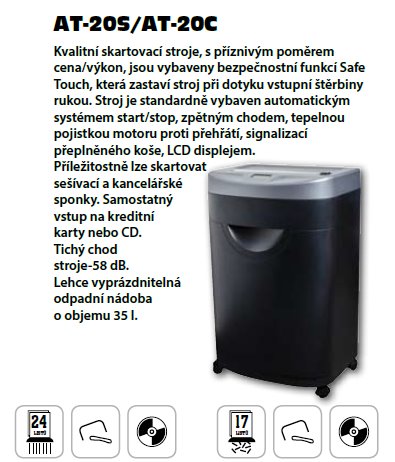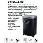 Skartovačka AT-20C s příčným řezem je kombinací spolehlivého výkonu a bezpečnosti pro domácí i kancelářské použití. Zvládne skartaci až 17 listů najednou. Navíc si poradí i se svorkami, kancelářskými sponkami, platebními kartami a CD. Díky technologii Safe Touch se při dotyku vaší ruky okamžitě zastaví, což zajišťuje maximální bezpečnost.
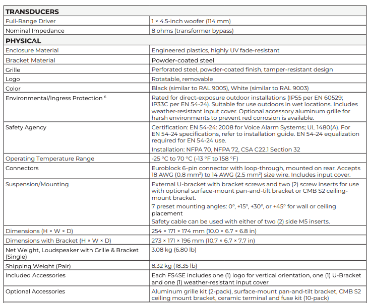 Porta il suono di qualità ovunque con il modello FS4SE — certificato per installazioni all’aperto e in ambienti umidi.
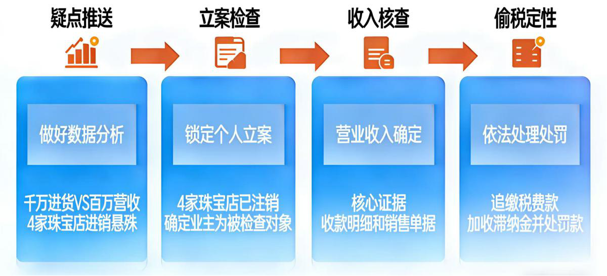 检查人员依托税收大数据分析,比对该珠宝店的发票数据和自行申报信息,发现其2022年至2024年共计接收上游两家公司金银珠宝首饰发票685份,发票金额合计8100.56万元,但同期申报的增值税应税收入仅467.35万元,消费税应税收入463.86万元。八千多万的进货成本,却只申报了不到五百万的销售收入,有违经营常理。
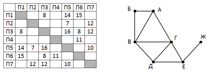 На рисунке схема дорог Н-ского района изображена в виде графа, в таблице содержатся сведения о длинах этих дорог (в километрах). Так как таблицу и схему рисовали независимо друг от друга, то нумерация населённых пунктов в таблице никак не связана с буквенными обозначениями на графе. Укажите кратчайший путь из пункта Б в пункт Ж. В ответе перечислите все населённые пункты, через которые проходит путь. Например, путь из Г в В через А и Б записывается как ГАБВ.
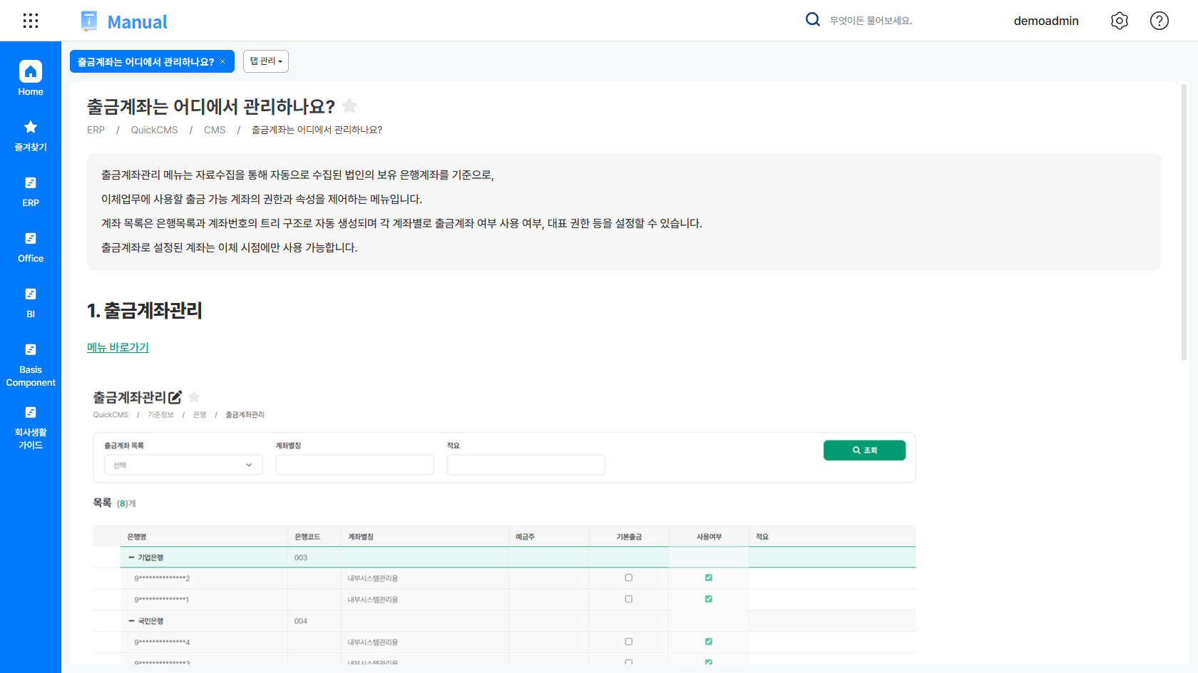 또한, 일부 주요 화면에서는 해당 기능과 연계된 매뉴얼 링크가 함께 제공되어, 기능 사용 중에도 쉽게 매뉴얼을 확인할 수 있습니다.
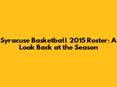 Hey basketball fanatics! Let's rewind the clock and dive into the Syracuse basketball roster of 2015. It was a season filled with its share of ups and downs, unforgettable moments, and the kind of Orange basketball that gets fans hyped. We're going to take a closer look at the key players who donned the Syracuse uniform, their contributions, and what made the 2015 season a memorable chapter in the history of the Orange. So, grab your favorite Syracuse gear, settle in, and let's journey back to the Carrier Dome to relive the excitement.
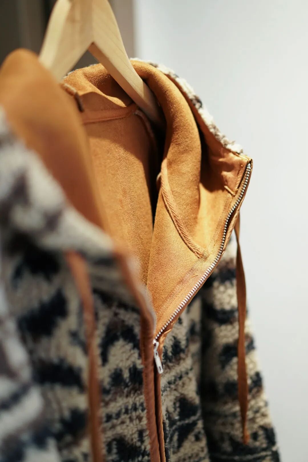 ✅内里的暖棕仿麂皮是二层暖意,贴肤时像被篝火旁的毛毯裹住。
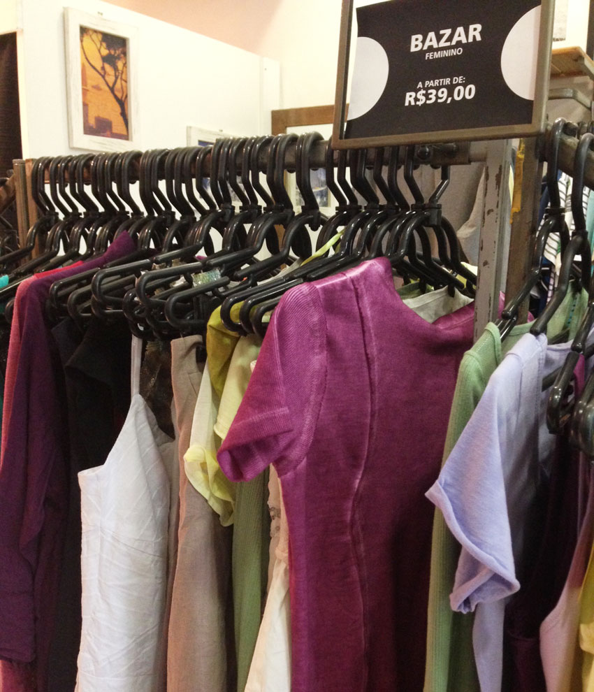 As araras são organizadas por preço, algumas peças tem micro defeitos, outras são peças-piloto. Eu vi valores de 30 a 120 reais, sendo que se você pagar em dinheiro, tem 20% de desconto!

* _Assignment_
From the listing above, please give again the lines that begin with the line holding "На рисунке схема" and go on through the line holding "또한, 일부 주요 화면에서는", exactly, both ends included, minus any picture.

* _Written answer_
 На рисунке схема дорог Н-ского района изображена в виде графа, в таблице содержатся сведения о длинах этих дорог (в километрах). Так как таблицу и схему рисовали независимо друг от друга, то нумерация населённых пунктов в таблице никак не связана с буквенными обозначениями на графе. Укажите кратчайший путь из пункта Б в пункт Ж. В ответе перечислите все населённые пункты, через которые проходит путь. Например, путь из Г в В через А и Б записывается как ГАБВ.
 또한, 일부 주요 화면에서는 해당 기능과 연계된 매뉴얼 링크가 함께 제공되어, 기능 사용 중에도 쉽게 매뉴얼을 확인할 수 있습니다.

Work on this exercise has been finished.